J. L. Bentley has suggested that we simplify the problem by restricting our attention to bitonic tours, that is, tours that start at the leftmost point, go strictly rightward to the rightmost point, and then go strictly leftward back to the starting point. Figure 15.11(b) shows the shortest bitonic tour of the same 7 points. In this case, a polynomial-time algorithm is possible.

Describe an O($n^2$)-time algorithm for determining an optimal bitonic tour. You may assume that no two points have the same x-coordinate and that all operations on real numbers take unit time. (Hint: Scan left to right, maintaining optimal possibilities for the two parts of the tour.)

Solution is implemented here.

##### 15-4 Printing neatly

Consider the problem of neatly printing a paragraph with a monospaced font (all characters having the same width) on a printer. The input text is a sequence of n words of lengths $l_1$, $l_2$, …, $l_n$, measured in characters. We want to print this paragraph neatly on a number of lines that hold a maximum of M characters each. Our criterion of “neatness” is as follows. If a given line contains words i through j, where ij, and we leave exactly one space between words, the number of extra space characters at the end of the line is M - j + i - $∑_{k = i}^j l_k$, which must be nonnegative so that the words fit on the line. We wish to minimize the sum, over all lines except the last, of the cubes of the numbers of extra space characters at the ends of lines. Give a dynamic-programming algorithm to print a paragraph of n words neatly on a printer. Analyze the running time and space requirements of your algorithm.

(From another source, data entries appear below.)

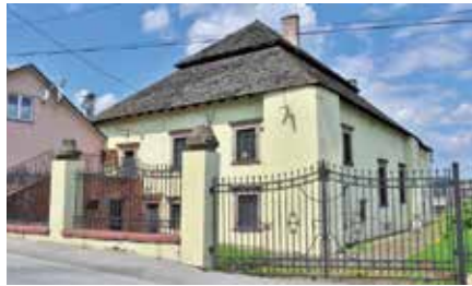
Pozyskane dofinansowanie na remont Synagogi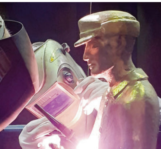
Die letzten Arbeitsschritte sind getan.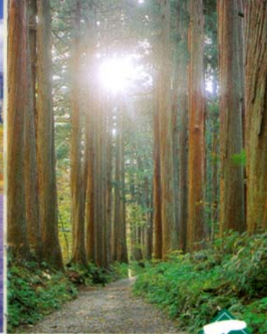
幽玄な空気が広がる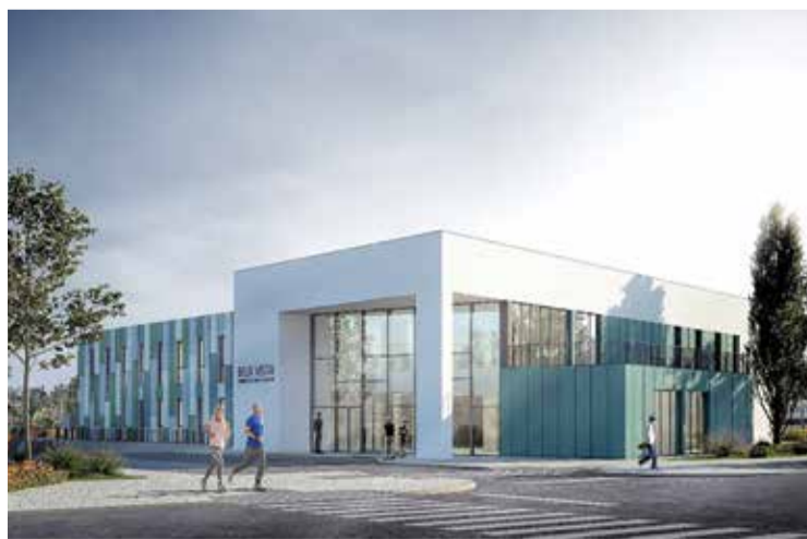
A nova unidade de saúde primária é criada num edifício contemporâneo

O programa funcional é desenvolvido num projeto do tipo 5B, em que se inclui uma Unidade de Recursos Assistenciais Par-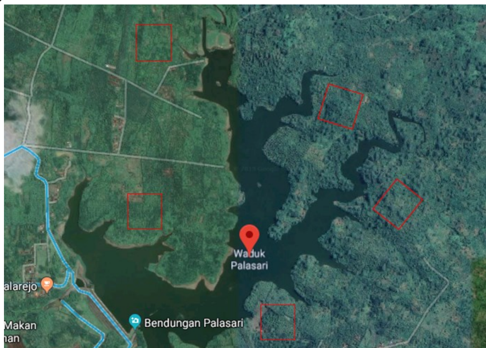
Gambar 1. Bentuk Waduk Palasari dan pembagian zona penelitian

Kawasan sabuk hijau Waduk Palasari merupakan kawasan yang terletak disepanjang bantaran Waduk Palasari yang berbatasan langsung dengan Hutan Palasari dan beberapa permukiman warga Desa Tukadaya. Vegetasi yang mendominasi kawasan sabuk hijau tersebut yaitu, tanaman kayu produksi dan tanaman perkebunan. Kawasan sabuk hijau Waduk Palasari yang menjadi lokasi observasi digambarkan seperti pada gambar 1.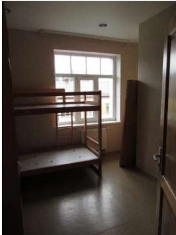
3.3.7.attēls. Bērnu istaba ēkas 2. stāvā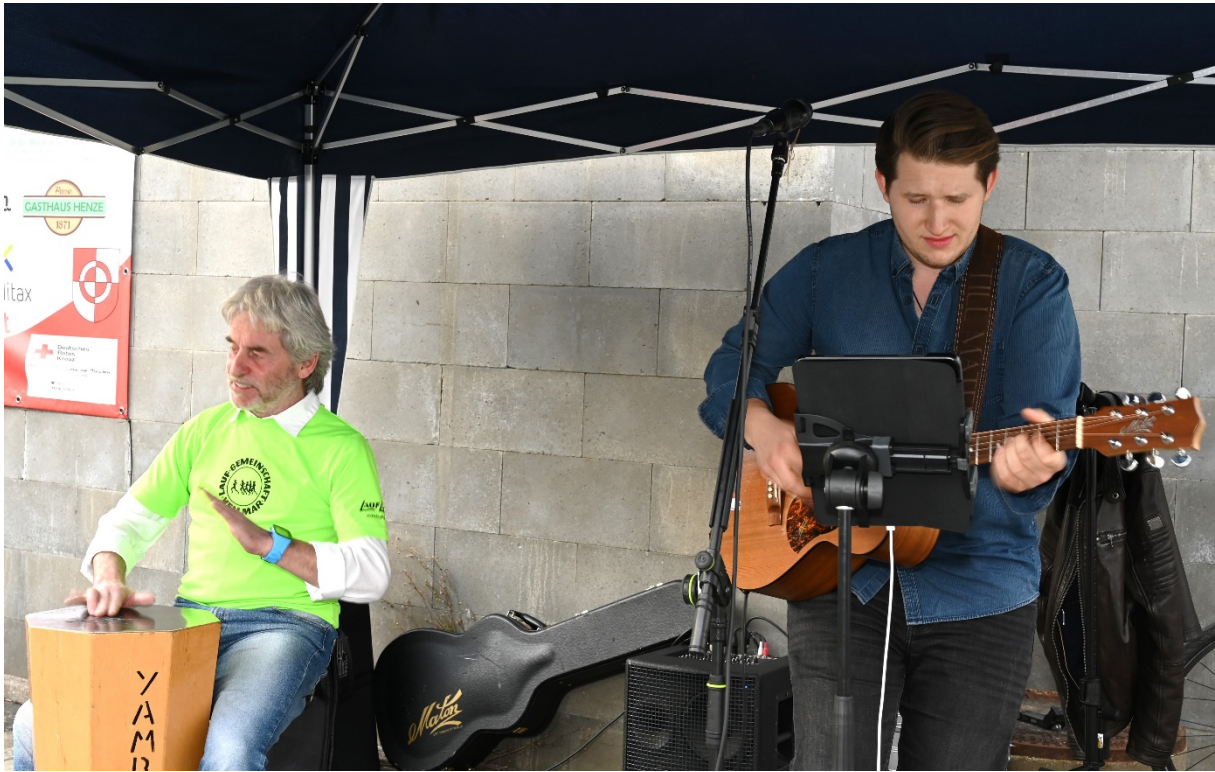
Die Musiker-44 Difference-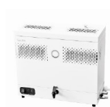
LAUDA Puridest PD 2 R (2 л/ч, нерж. сталь) лабораторный дистиллятор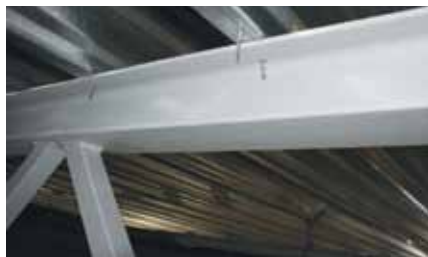
Rys. 3. Połączenie blachy fałdowej z pasem górnym płatwi kratowej

fałdowa nie zastąpi tężników, bez odpowiedniego mocowania tej blachy z konstrukcją, co również nie zostało podane.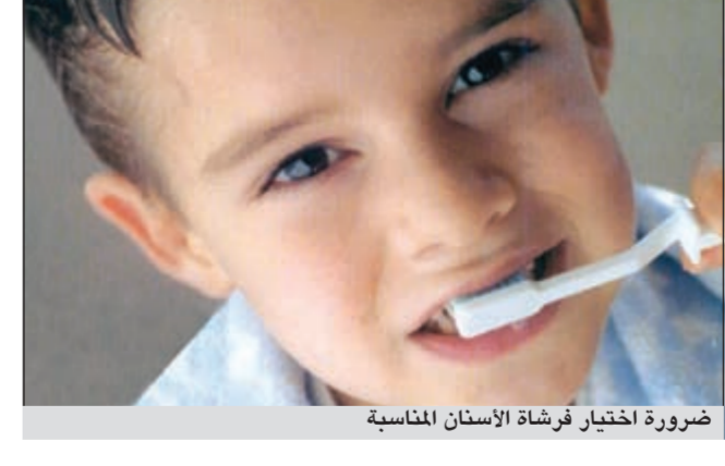
ضرورة اختيار فرشاة الأسنان المناسبة

Solution is implemented here.

Running time is O(M n), space requirement is O(n).

##### 15-5 Edit distance

In order to transform one source string of text x[1‥m] to a target string y[1‥n], we can perform various transformation operations. Our goal is, given x and y, to produce a series of transformations that change x to y. We use an array z—assumed to be large enough to hold all the characters it will need—to hold the intermediate results. Initially, z is empty, and at termination, we should have z[j] = y[j] for j = 1, 2, …, n. We maintain current indices i into x and j into z, and the operations are allowed to alter z and these indices. Initially, i = j = 1. We are required to examine every character in x during the transformation, which means that at the end of the sequence of transformation operations, we must have i = m + 1.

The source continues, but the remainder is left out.